That is, in the related art, after all the droplet discharge corresponding to the target layer is completed on the substrate S, the substrate S is inspected visually or by an image processing device or the like. You will find a defect. On the other hand, according to the droplet discharge device 30 of the present example, the droplet discharge performance is inspected during normal droplet discharge as described above, and as a result, if a discharge failure By terminating the ejection of the droplet, it is possible to reduce material waste and time loss.
[0056]
Further, since the inspection medium 41 is made to exhibit (discolor) a color corresponding to the pH of the liquid droplet when receiving the discharge of the liquid droplet, even if the liquid is transparent, By checking the drawing state formed by the discoloration occurring in the inspection medium 41 by the image processing device 50, it can be more accurately inspected whether or not droplets are normally ejected from all the nozzles 18.
Further, both sides of the stage 39 are defined as flushing areas F, and the inspection mediums 41 are provided in the flushing areas F, F, respectively.

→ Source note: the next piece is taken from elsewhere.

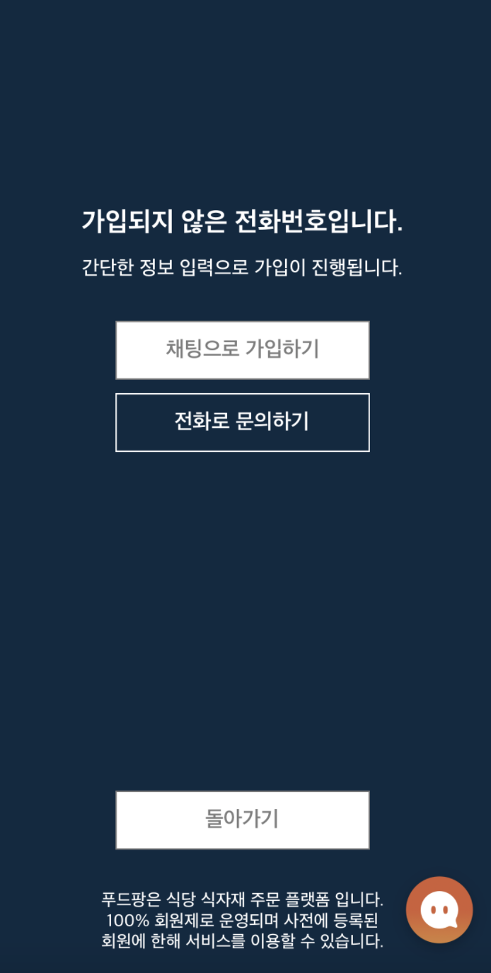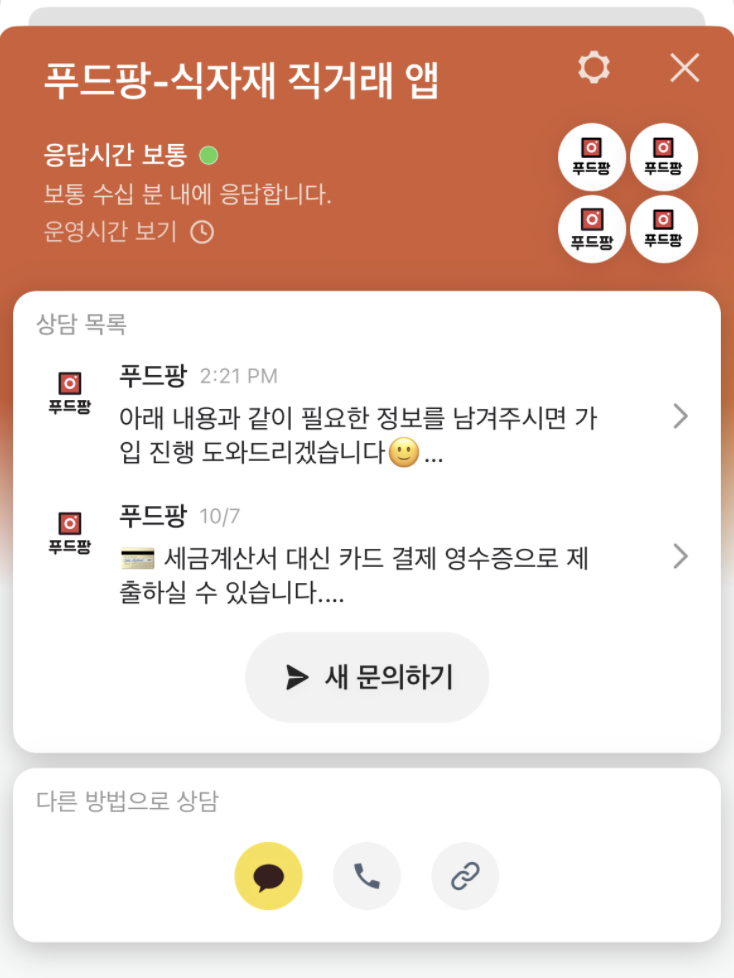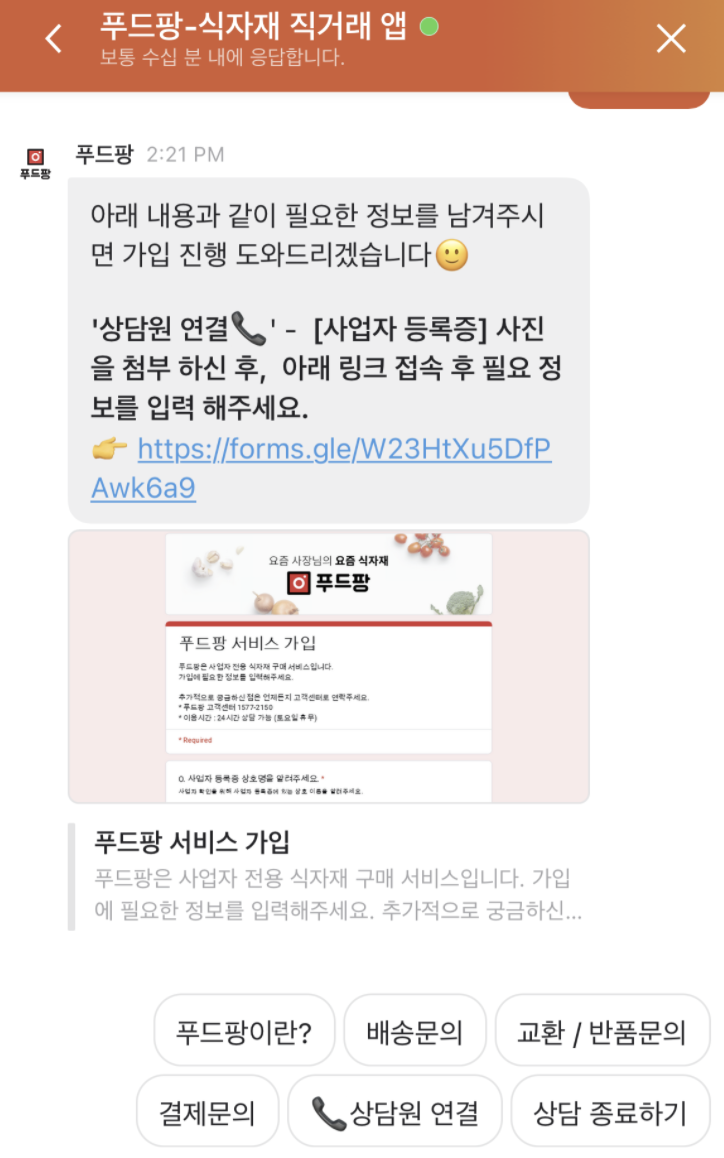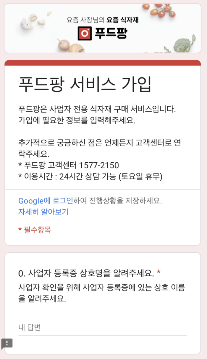 앱 내에 카톡 간편 로그인 도입(사업자 등록증 상호명, 운영하는 정확한 가게명 주소, 식당 영업시간, 어떤 경로로 푸드팡 접속했는지, 이용약관)

By alternately performing the inspection by 50, the inspection time can be shortened.
[0057]
Note that the present invention is not limited to the above-described example, and various changes can be made without departing from the gist of the present invention. For example, the present invention may be applied to a case where a material for forming another layer is ejected as a liquid material (droplet) instead of the material for forming the hole transport layer, or a functional material such as an organic EL device may be used. Alternatively, the present invention may be applied to the case of discharging biochemical substances such as DNA and protein.
[0058]
In addition, as the inspection medium 41, litmus paper can be simply used. Further, when the liquid material is not transparent and has high visibility such as color, the blank paper used in the conventional inspection may be used.
Further, in the above-described example, the discoloration occurring in the inspection medium is examined by the image processing device 50. However, the discoloration may be simply visually observed with the naked eye.
Further, in the above example, both sides of the stage 39 are used as the flushing areas F, and the inspection media 41, 41 are arranged in these flushing areas F, F. However, the inspection media 41 is provided only on one side, and the other A flushing device may be provided.
[0059]
Further, the device manufacturing method of the present invention is a method of manufacturing a device by using the droplet discharging method by the droplet discharging device 30 described above. The device to which this manufacturing method is applied is not particularly limited as long as various components having functions such as a color filter, a wiring, various films and patterns can be formed by the droplet discharge device 30. But arbitrary.
[0060]
FIG. 6 is a cross-sectional view of an organic EL device as an example of a device to which the manufacturing method of the present invention is applied.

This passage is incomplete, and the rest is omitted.